Work task:
Copy the data exactly. Images are to be left out.
*** Exercise inputs Section Begins ***
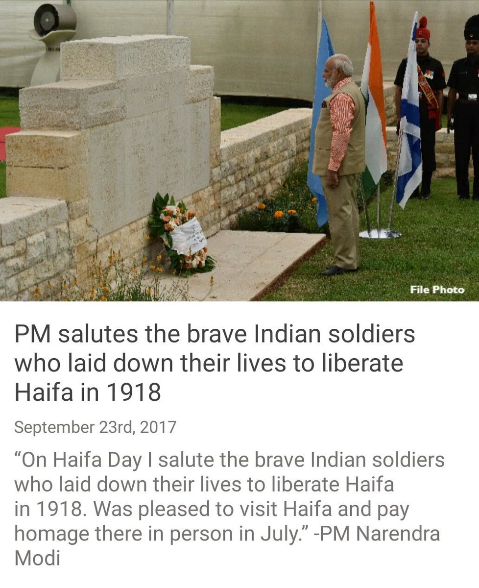 PM salutes the brave Indian soldiers who laid down their lives to liberate Haifa in 1918 http://nm-4.com/5cg5 via NMApppic.twitter.com/7LRIa4HtrX
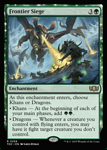 • Dragons — Whenever a creature you control with flying enters, you may have it fight target creature you don't control.
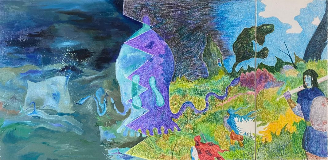 'Incendio di brina' rappresenta un antitetico paradosso, così come antitetiche e paradossali sono le atmosfere nei lavori degli artisti in mostra. Ariele Bacchetti, con base a Venezia, e Xueqing Zhu, vive e lavora tra Cina e Italia, hanno studiato pittura frequentando durante gli stessi anni l’Atelier F presso l’Accademia di Belle Arti di Venezia, entrando in contatto con realtà quali Extra Ordinario Workshop a Venezia e Dolomiti Contemporanee nell’Ex Villaggio Eni a Borca di Cadore. Il loro lavoro sviluppa un nuovo dialogo nello spazio di Luogo Arte Contemporanea, nato nel 2023 su iniziativa di Daniela Alastra e situato a Verona al n°43 di via Carducci, in un contesto urbano in cui le tradizionali attività commerciali sono state via via riqualificate da nuove iniziative a carattere creativo e culturale.
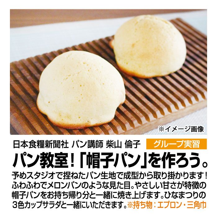 講座内容:予めスタジオで捏ねたパン生地で成型から取り掛かります!ふわふわでメロンパンのような見た目。やさしい甘さが特徴の帽子パンをお持ち帰り分と一緒に焼き上げます。ひなまつりの4色カップサラダと一緒にいただきます。※持ち物:エプロン・三角巾
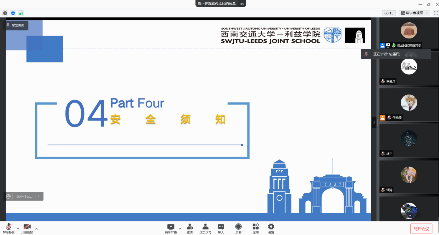 最后,包孟民详细介绍了此次社会实践过程中的具体要求和各项材料报送标准及安全注意事项。
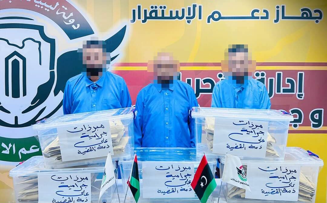 ويتكون التشكيل من شخص ليبي الجنسية (37 عاما) وشخصين جزائريين (46 عاما و31 عاما) وسيدتين ليبيتين (43 عاما و33 عاماً).
*** Exercise inputs Section Ends ***
The answer:
 PM salutes the brave Indian soldiers who laid down their lives to liberate Haifa in 1918 http://nm-4.com/5cg5 via NMApppic.twitter.com/7LRIa4HtrX
 • Dragons — Whenever a creature you control with flying enters, you may have it fight target creature you don't control.
 'Incendio di brina' rappresenta un antitetico paradosso, così come antitetiche e paradossali sono le atmosfere nei lavori degli artisti in mostra. Ariele Bacchetti, con base a Venezia, e Xueqing Zhu, vive e lavora tra Cina e Italia, hanno studiato pittura frequentando durante gli stessi anni l’Atelier F presso l’Accademia di Belle Arti di Venezia, entrando in contatto con realtà quali Extra Ordinario Workshop a Venezia e Dolomiti Contemporanee nell’Ex Villaggio Eni a Borca di Cadore. Il loro lavoro sviluppa un nuovo dialogo nello spazio di Luogo Arte Contemporanea, nato nel 2023 su iniziativa di Daniela Alastra e situato a Verona al n°43 di via Carducci, in un contesto urbano in cui le tradizionali attività commerciali sono state via via riqualificate da nuove iniziative a carattere creativo e culturale.
 講座内容:予めスタジオで捏ねたパン生地で成型から取り掛かります!ふわふわでメロンパンのような見た目。やさしい甘さが特徴の帽子パンをお持ち帰り分と一緒に焼き上げます。ひなまつりの4色カップサラダと一緒にいただきます。※持ち物:エプロン・三角巾
 最后,包孟民详细介绍了此次社会实践过程中的具体要求和各项材料报送标准及安全注意事项。
 ويتكون التشكيل من شخص ليبي الجنسية (37 عاما) وشخصين جزائريين (46 عاما و31 عاما) وسيدتين ليبيتين (43 عاما و33 عاماً).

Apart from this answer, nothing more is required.